§ **Task**:
The lines below, from the one containing "- Peza de granito" through the one containing "- Contenu : 4", should be set down exactly, with no pictures and nothing else.

Dataset entries:
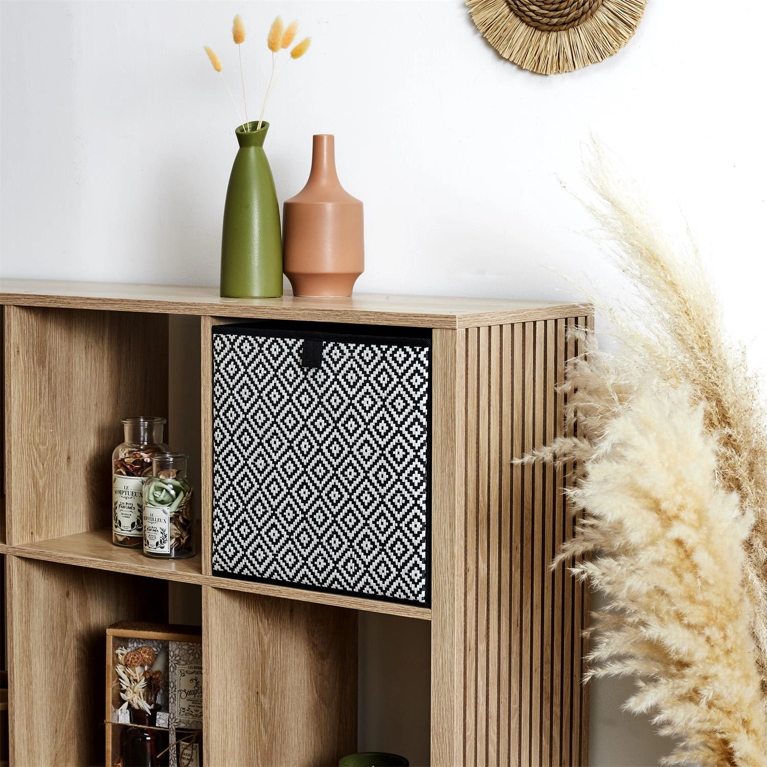 Box / Krabice do regálu o rozměrech 30x30x30 cm je dokonalým doplňkem knihoven Kali a dalšího kubického nábytku. Box je vyroben z vysoce kvalitních materiálů, jako je plast, karton a polyesterová tkanina, a je tak nejen odolný, ale také estetický.
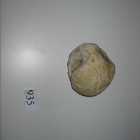 - Peza de granito redondeada cun pequeño oco por donde asoman pequenos ciristaliños de cuarzo transparente agrupados.
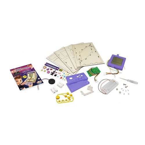 - Contenu : 4 planches de bois, écran, manette, coque supérieure, coque inférieure, circuit imprimé, boutons, tampon conducteur, haut-parleur, adhésif double-face, compartiment à piles, 2 connecteurs blancs, 2 vis longues, 2 écrous, 2 vis moyennes, 4 petites vis, 2 tournevis et planche d’autocollants.
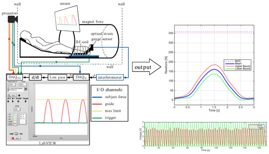 Figure 1 is a schematic that shows the positioning, visual feedback, force measurement and scan trigger setup. The dominant leg was placed into the foot pedal with the cardiac flex coil wrapped around the lower leg (the cardiac rather than a smaller coil was used in order to accommodate the foot pedal). The foot pedal device allowed for positioning and anchoring the foot at different ankle angles. In this study, the foot was positioned at three nominal angles—dorsiflexion (DF) 5°, neutral (N) −25°, and plantarflexion (PF) −40°. A large FOV image that included the ankle was collected at each foot position using the body coil to verify/estimate the ankle angle.
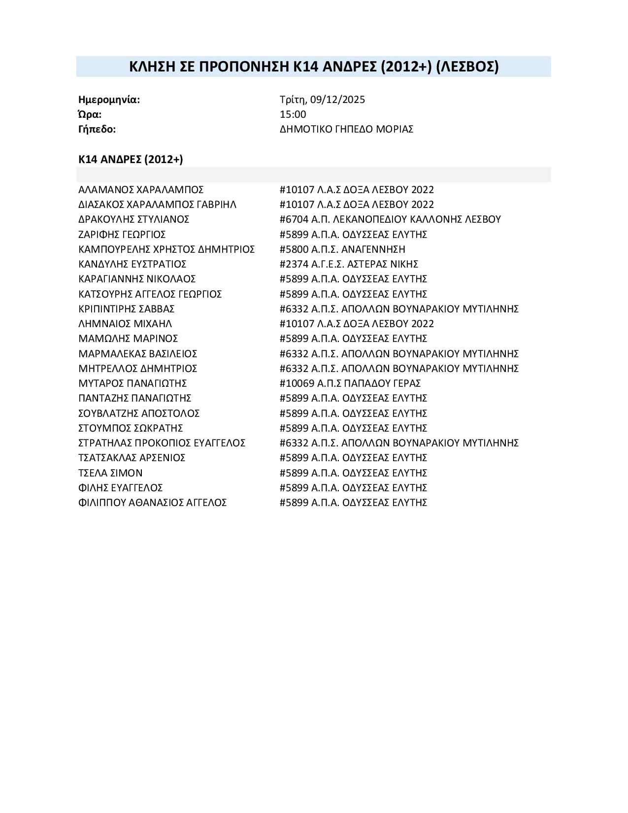 Η Ε.Π.Σ. Λέσβου καλεί τους παρακάτω ποδοσφαιριστές της ηλικιακής κατηγορίας Κ-14 (γεννηθέντες 2012–2013) σωματείων Λέσβου, σε προπόνηση που θα πραγματοποιηθεί :
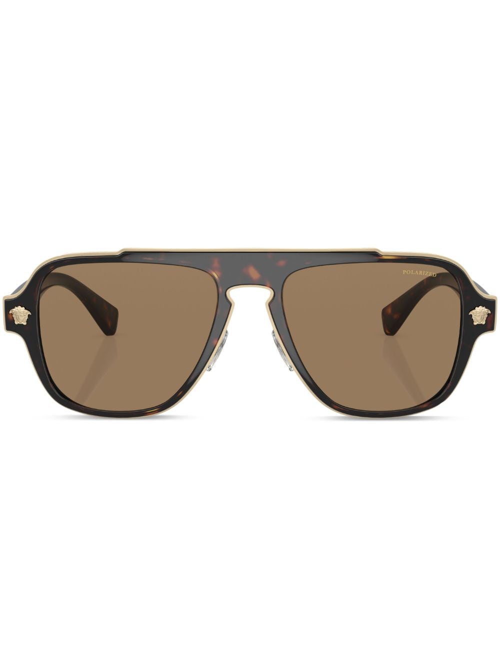 cedar brown metal/acetate tortoiseshell effect Medusa plaque detail brown tinted lenses pilot frame straight arms curved tips These glasses come with a protective case.
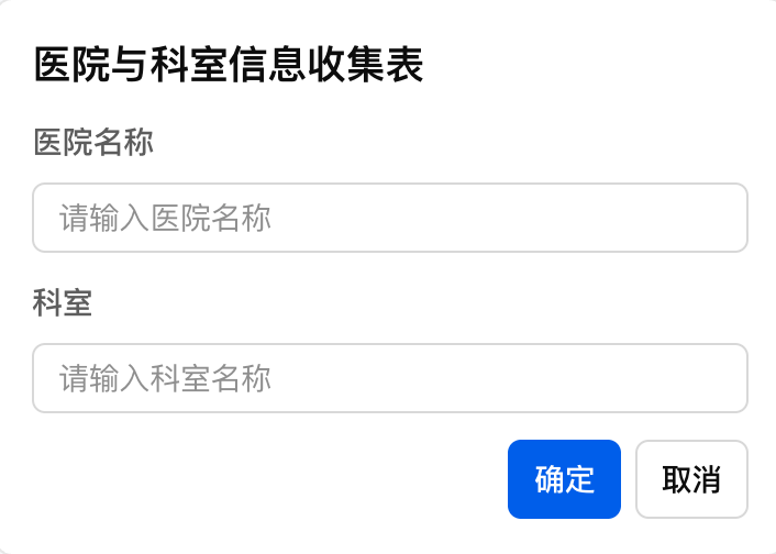 name字段,用于标识提交参数的字段名。name作为字段名提交对应值。<Card size="sm"><FormonSubmitAction={{type: 'sys.chat',payload: { result: 'submit' },}}><Col gap={3}><Title value="医院与科室信息收集表" size="sm" /><Col gap={3}><Col gap={2}><Label value="医院名称" /><Input name="hospital" placeholder="请输入医院名称" /></Col><Col gap={2}><Label value="科室" /><Input name="department" placeholder="请输入科室名称" /></Col></Col><Row><Spacer /><Button submit label="确定" style="primary" /><Buttonlabel="取消"variant="outline"onClickAction={{type: 'sys.chat',payload: { query: '取消填写' },}}/></Row></Col></Form></Card>

§ **Response to the exercise**:
 - Peza de granito redondeada cun pequeño oco por donde asoman pequenos ciristaliños de cuarzo transparente agrupados.
 - Contenu : 4 planches de bois, écran, manette, coque supérieure, coque inférieure, circuit imprimé, boutons, tampon conducteur, haut-parleur, adhésif double-face, compartiment à piles, 2 connecteurs blancs, 2 vis longues, 2 écrous, 2 vis moyennes, 4 petites vis, 2 tournevis et planche d’autocollants.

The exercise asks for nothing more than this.